O amor que chega é um assombro. É imprudente. O amor que chega tira sua dignidade. O amor que chega novo em folha é dissimulado e inseguro. O amor que chega é para sempre. O amor que chega é um delírio. O amor que chega é denso. O amor que chega é triste. O amor que chega dói. O amor que chega é a beira do abismo. O amor que chega é impositivo. O amor que chega domina. O amor que chega é frágil. O amor que chega grita. O amor que chega é um raio.
A verdade é que o amor chega muitas vezes na vida. O amor que chega se apresenta como novo, mas é sempre o mesmo. O amor que chega é um truque. O amor que chega é uma ilusão. O amor que chega é um cansaço. O amor que chega é a única verdade. Escrever sobre o amor é sempre arriscado. Porque tantas e tantas coisas já foram ditas sobre ele. Além disso, corre-se o sério risco da pieguice e do lugar-comum.
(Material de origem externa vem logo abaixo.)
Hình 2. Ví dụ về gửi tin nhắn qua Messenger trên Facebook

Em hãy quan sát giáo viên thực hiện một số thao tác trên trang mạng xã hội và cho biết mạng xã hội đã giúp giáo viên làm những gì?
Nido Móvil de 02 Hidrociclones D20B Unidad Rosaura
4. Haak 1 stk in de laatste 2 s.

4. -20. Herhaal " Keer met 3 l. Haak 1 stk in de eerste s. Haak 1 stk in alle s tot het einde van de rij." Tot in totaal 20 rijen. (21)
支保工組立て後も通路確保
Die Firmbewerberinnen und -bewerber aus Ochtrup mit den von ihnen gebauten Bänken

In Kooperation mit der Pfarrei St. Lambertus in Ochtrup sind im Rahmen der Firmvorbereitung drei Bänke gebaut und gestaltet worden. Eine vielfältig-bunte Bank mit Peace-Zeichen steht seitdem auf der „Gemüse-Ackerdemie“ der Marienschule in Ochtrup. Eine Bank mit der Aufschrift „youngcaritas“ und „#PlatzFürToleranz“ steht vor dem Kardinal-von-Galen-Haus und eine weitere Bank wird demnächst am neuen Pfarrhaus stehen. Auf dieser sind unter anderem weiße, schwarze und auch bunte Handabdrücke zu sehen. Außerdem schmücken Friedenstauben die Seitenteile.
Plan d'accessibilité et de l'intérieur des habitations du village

Estou mergulhado escrevendo meu próximo livro e me deparei com uma cena amorosa. Precisava descrevê-la com intensidade, mas sem exageros. Por isso, toda vez que quero escrever sobre as relações afetivas, recorro ao escritor Roland Barthes. O seu livro Fragmentos de um Discurso Amoroso sempre me atualiza quando quero transformar os afetos em literatura. Barthes não é dramático nem quando fala de amor. Ao lê-lo ganhamos uma certa lucidez.
O autor deixa claro que o amor, como elemento discursivo, que compõe a vida, foi excluído não somente do poder, mas também por seus mecanismos racionais. Barthes é lúcido ao analisar o amor porque propõe uma semiologia dos afetos. Em outras palavras, para Barthes, a linguagem é tão complexa quanto o amor.
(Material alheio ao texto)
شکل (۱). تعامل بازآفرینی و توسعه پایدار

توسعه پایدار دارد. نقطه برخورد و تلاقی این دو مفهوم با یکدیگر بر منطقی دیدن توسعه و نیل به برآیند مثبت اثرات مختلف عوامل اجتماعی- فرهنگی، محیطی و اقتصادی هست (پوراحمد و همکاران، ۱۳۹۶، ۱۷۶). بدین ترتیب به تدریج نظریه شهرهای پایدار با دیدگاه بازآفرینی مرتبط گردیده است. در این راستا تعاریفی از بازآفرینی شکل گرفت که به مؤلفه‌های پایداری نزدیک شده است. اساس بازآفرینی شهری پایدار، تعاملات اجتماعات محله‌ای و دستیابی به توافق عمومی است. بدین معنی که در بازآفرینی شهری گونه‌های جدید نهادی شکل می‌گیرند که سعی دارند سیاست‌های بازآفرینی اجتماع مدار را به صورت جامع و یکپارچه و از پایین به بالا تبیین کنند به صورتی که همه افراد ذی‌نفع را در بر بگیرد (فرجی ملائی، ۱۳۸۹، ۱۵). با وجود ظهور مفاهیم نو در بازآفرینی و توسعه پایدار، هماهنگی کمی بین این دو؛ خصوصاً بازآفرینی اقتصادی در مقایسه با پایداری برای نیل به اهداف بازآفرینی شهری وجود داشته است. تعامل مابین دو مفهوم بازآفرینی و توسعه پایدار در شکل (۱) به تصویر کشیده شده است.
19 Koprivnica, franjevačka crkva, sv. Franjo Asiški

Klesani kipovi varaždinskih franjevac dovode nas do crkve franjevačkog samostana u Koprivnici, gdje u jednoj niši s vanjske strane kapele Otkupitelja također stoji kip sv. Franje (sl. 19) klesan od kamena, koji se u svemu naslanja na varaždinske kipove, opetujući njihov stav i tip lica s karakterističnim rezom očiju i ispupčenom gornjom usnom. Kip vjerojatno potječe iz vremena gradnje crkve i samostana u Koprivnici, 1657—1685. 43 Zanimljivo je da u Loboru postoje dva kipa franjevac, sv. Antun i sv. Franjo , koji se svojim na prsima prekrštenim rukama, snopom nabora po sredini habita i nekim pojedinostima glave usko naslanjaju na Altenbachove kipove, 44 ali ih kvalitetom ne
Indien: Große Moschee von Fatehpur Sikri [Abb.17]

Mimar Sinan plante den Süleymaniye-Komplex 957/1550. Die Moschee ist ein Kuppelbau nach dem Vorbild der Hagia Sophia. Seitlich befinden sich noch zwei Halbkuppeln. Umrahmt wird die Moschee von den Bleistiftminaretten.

Os fragmentos bartheanos demonstram que a linguagem é a própria experiência amorosa. Esse mergulho nas entranhas da linguagem, no mundo do signo amoroso, revela também a falta, a ausência e a dor do desamparo provocado pela perda, seja do ser amado ou do banimento do discurso amoroso das esferas de poder. Barthes pensa os signos linguísticos ao redor do amante, apontando, dessa maneira, que o rumor da língua é também o rumor do coração.
Ainda segundo Barthes, a ilusão que temos do outro pode ser quebrada pela possibilidade do ser amado não corresponder mais àquela imagem que criamos, porque o horror de estragá-lo é ainda mais forte que a angústia de perdê-lo. A boa notícia é que o amor que chega não está interessado em Barthes. O amor que chega é arrogante. O amor que chega desafia a lucidez. O amor que chega pode inclusive provar que Barthes está errado. O amor que chega é um raio. Poderoso e frágil. Como a linguagem e a literatura.